I did so much stuff, and posted pictures on twitter. Many, many, many, many, many pictures. Often of food. And the occasional river, or supertoilet.

April 14, 2015

Spent the day personing a both at Cool Chips, and managed to fish a college professor and several graduate students out of the croud to give them a presentation. (Using a subset of the slides from Friday's thing.)

All this is sort of practice for a theoretical talk at Linuxcon Japan in 6 weeks. (Note that Cool Chips is _not_ run by the Linux Foundation, and thus has a year in the URL rather than a history that will vanish without trace once it stops being an effective fundraising tool to milk cash out of cluess Fortune 500 companies that want a company to represent Linux the way AOL representated The Internet to grandma. Any time a large enough accumulation of money says "Get me the blogosphere on the phone, NOW!", somebody will pick up the phone with one hand and the money with the other.)

Anyway, said Linuxcon talk remains purely theoretical because their contact address is a role not a person (well of course, it's a bureaucracy: individuals are single points of failure, you can't have any of those working for you), and thus no actual specific person has answered it since Saturday. We didn't know giving a talk about this stuff at a conference was even an option until we did it on Friday and went "we should do this again, bigger and better", at which point the CFP deadline had already passed (results hadn't been posted yet but the website wouldn't let us add more), so we're attempting to "fly standby", as it were.

For a value of "attempting" that involves being completely ignored, but we didn't sponsor the conference, so... *shrug* Oh well, wouldn't be the first "hall party" I've thrown at a con.

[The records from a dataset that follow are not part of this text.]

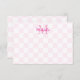 Pink and white squares pattern. Custom note cards with monograM. Edit initial and name to customize.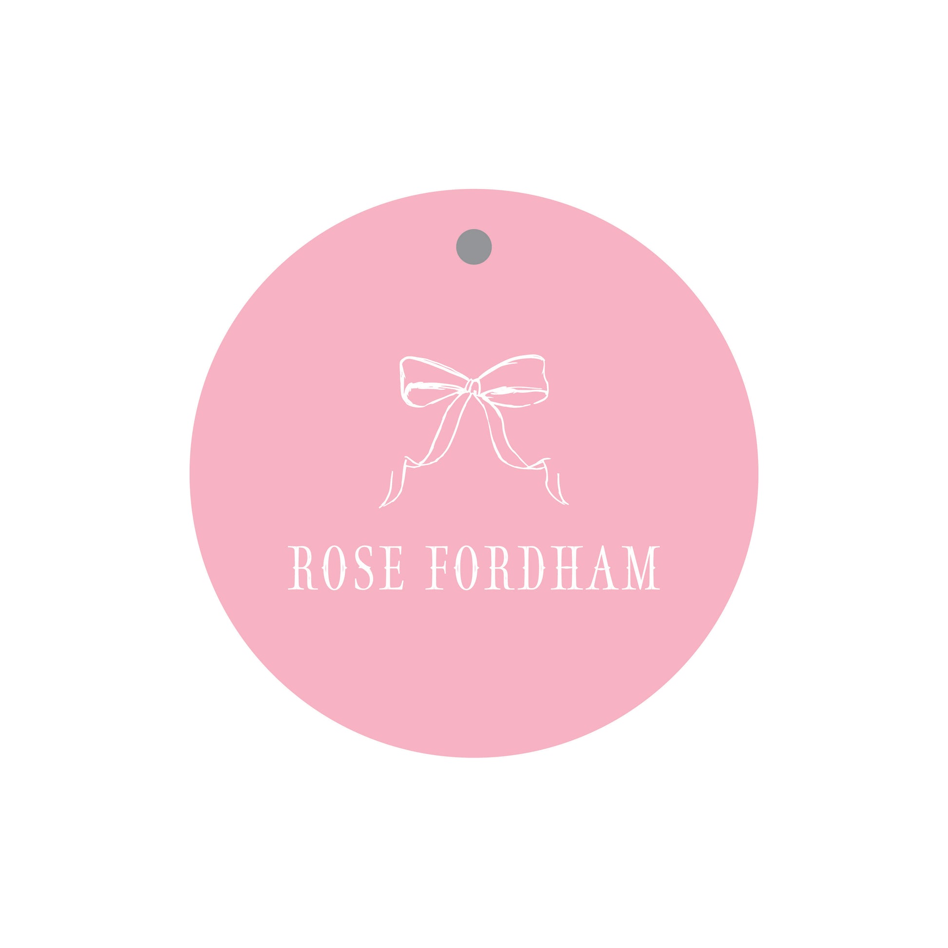 Select your ink color for the background. Bow and personalization will be in white. Back of tag will be white to allow for easy notewriting!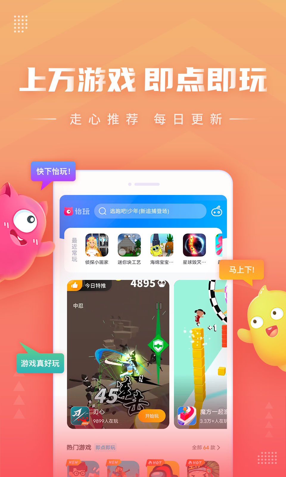 《怡玩》是一款网罗了时下各类新潮热门游戏的应用,超魔性好玩的小游戏、经典有趣、欢乐挑战的沙雕游戏应有尽有。用《怡玩》玩游戏免安装,更省事,手游也能即点即玩。快来体验吧!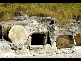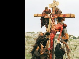 Este documento narra los últimos días de Jesús, desde la Última Cena hasta su crucifixión y resurrección. Describe cómo Jesús lavó los pies de sus discípulos, instituyó la Eucaristía y oró en Getsemaní antes de ser arrestado por Judas y llevado ante los sumos sacerdotes. Luego fue juzgado por Poncio Pilato y condenado a muerte, crucificado en el Gólgota junto a dos ladrones y sepultado por José de Arimatea, para finalmente resucitar al tercer día.
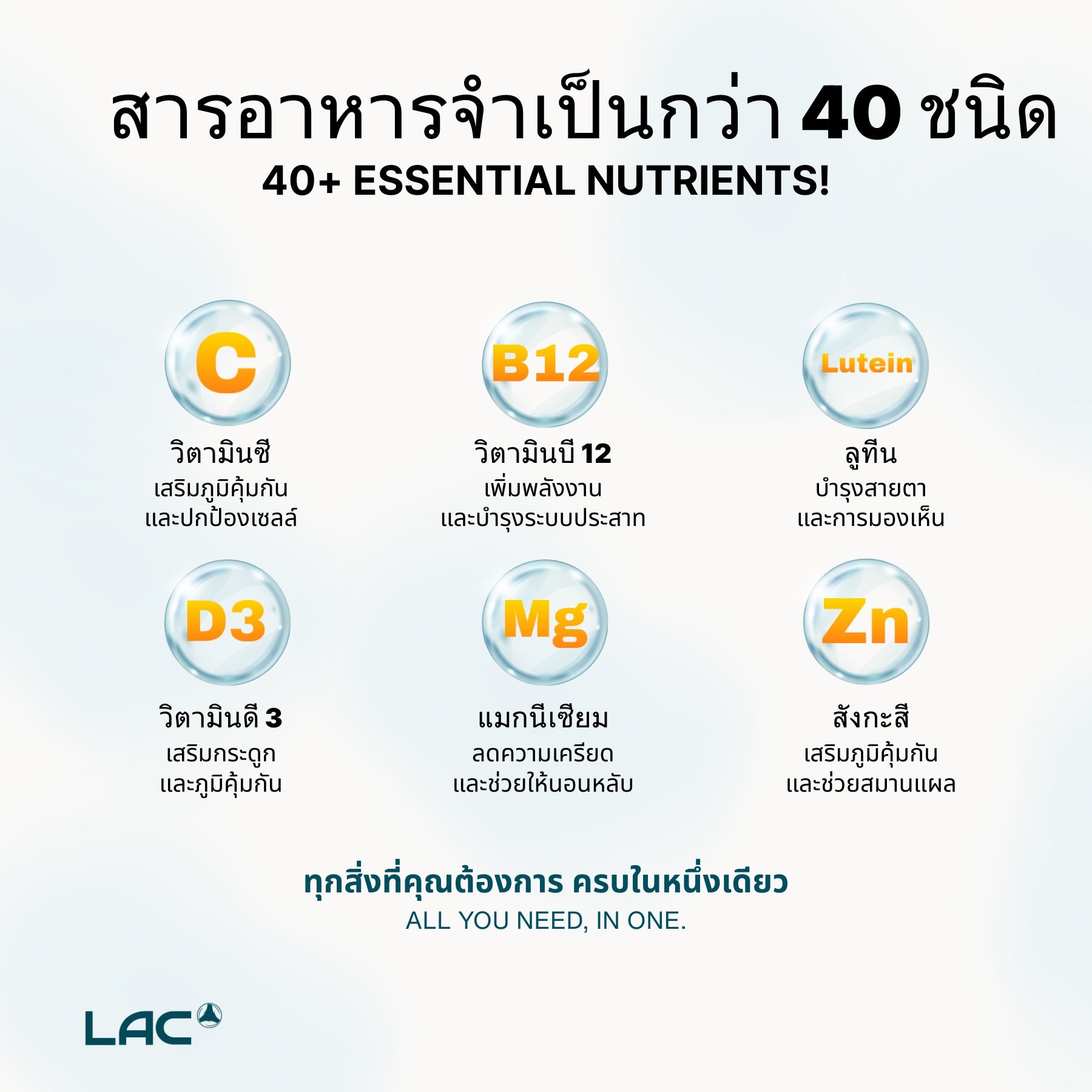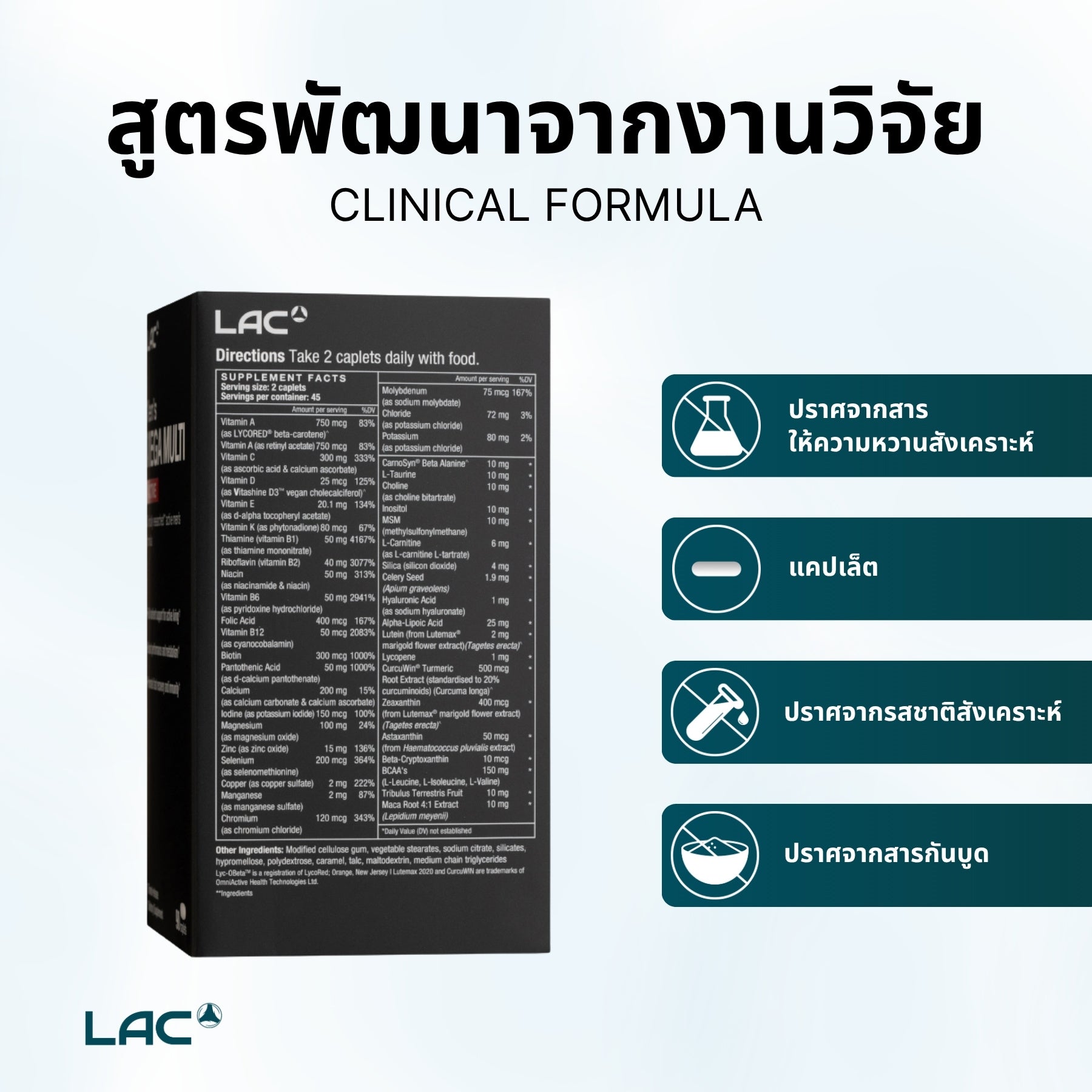 LAC Men’s Mega Multi Active เป็นสูตรที่ครอบคลุมซึ่งออกแบบมาเพื่อสนับสนุนผู้ชายที่กระตือรือร้น ประกอบด้วยวิตามิน แร่ธาตุ และสารอาหารที่ได้รับการวิจัยทางคลินิกมากกว่า 40 ชนิดเพื่อประสิทธิภาพที่ดีขึ้น การทำงานของกล้ามเนื้อและสารต้านอนุมูลอิสระ สูตรปลดปล่อยตามเวลาเฉพาะตัวช่วยให้ดูดซึมสารอาหารได้อย่างค่อยเป็นค่อยไปตลอดทั้งวัน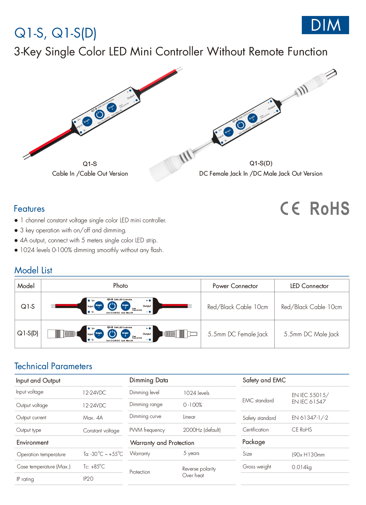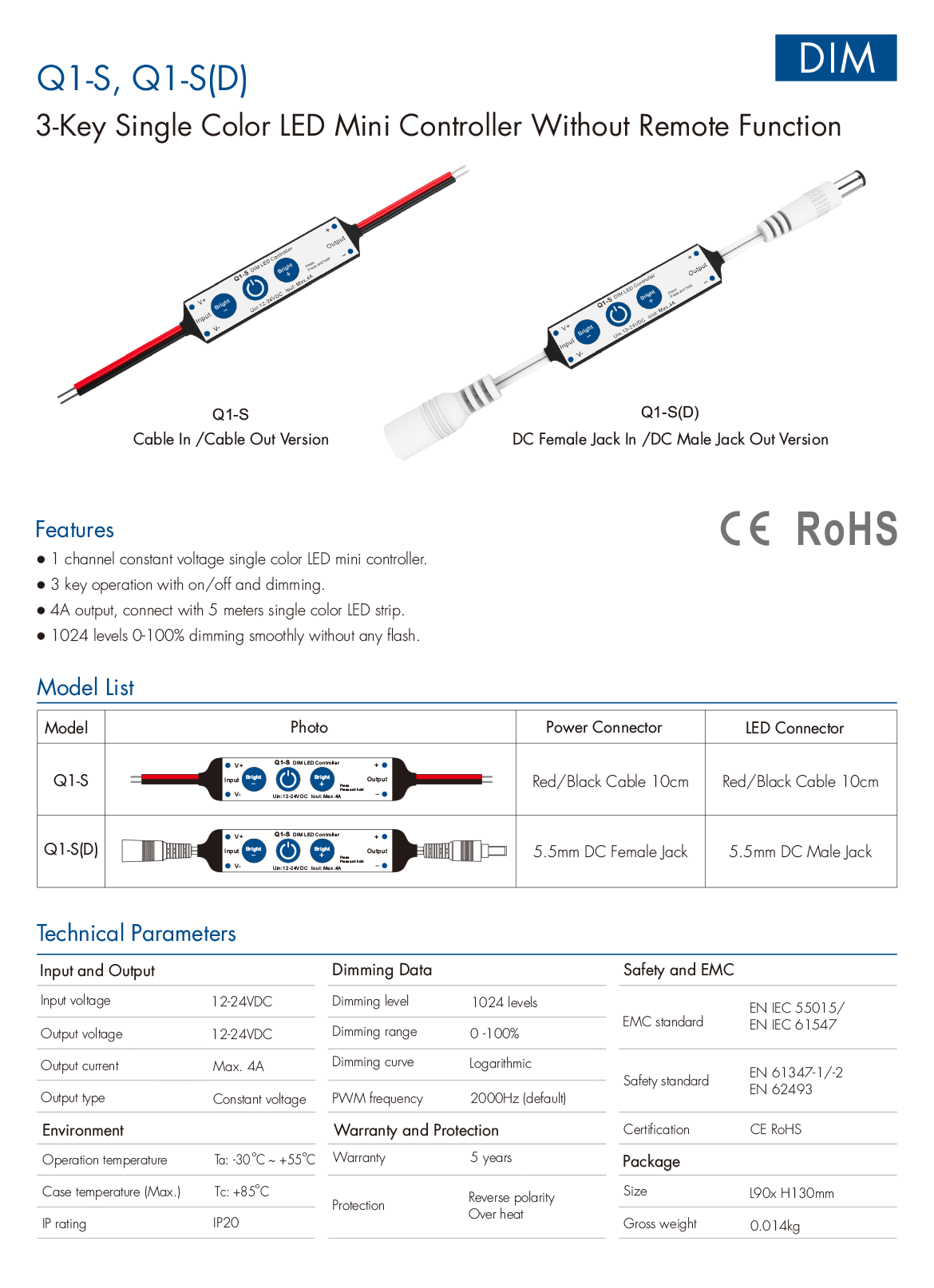 1CH*4A 12-24VDC 3-Key Mini Controller Q1-S( without RF)

Meanwhile, the SMP circuitry should be ready enough to at least talk about it tomorrow. Or possibly the DMA stuff. The hardware engineers have been a variant of "ready" that collapses when you examine its quantum state, but I suppose that's what I'm here for...

April 13, 2015

The future starts in Japan! By which I mean given where the international dateline is and the 11 hour time difference (or is it 10? They don't do daylight savings time here, it varies), anyway my laptop clock says it's 11pm on the 12th, but here we just came back from lunch on monday.

Either way, the 4.0 kernel dropped last night which means I need to finally fix the #*%(&# problem with 3.19 that's blocked aboriginal on the 3.18 kernel. And so we dig.

The problem is that Aboriginal's sources/patches/linux-arm.patch, which forces the kernel's kconfig to allow the "arm versatile" board to select what kind of CPU it has (QEMU can emulated v4, v5, v6, v7 with various -cpu options, but the kernel has assumptions about what's in there), conflicts in 3.19. Bisecting, it was broken by commit dc680b989d51 "ARM: fix multiplatform allmodcompile", which was itself patching the earlier commit 68f3b875f784 "ARM: integrator: make the Integrator multiplatform".

This sounds great: do they now allow you to run the same board on multiple procesor variants? Hmmm, looks like they do actually. So I might be able to just yank that patch. And the outoutdamnperl patch is obsoleted by commit d69911a68c86 so that can go to...

And then the FUN part is figuring out what the heck happend to initramfs. The config didn't change but the kernel is panicing unable to mount root= which it shouldn't be trying to do because there's an initramfs. What?

Bisect, bisect, bisect... Oh thank you so much Andi Kleen for commit ec72c666fb34 so we now have two symbols (CONFIG_INITRAMFS_COMPRESSION_GZIP and now CONFIG_RD_GZIP) meaning the EXACT SAME THING and you have to specify BOTH of them to be able to compress your initramfs with gzip. (Note! We already compress the KERNEL with gzip using KERNEL_GZIP which sets HAVE_KERNEL_GZIP (no idea why) which means we have FOUR symbols that mean the exact same thing.

~~The Aristocrats!~~ Linux!

Anyway, 3.19 seems to work now. Doing test builds on the various targets, and then I can cut a release and be once again only one version behind.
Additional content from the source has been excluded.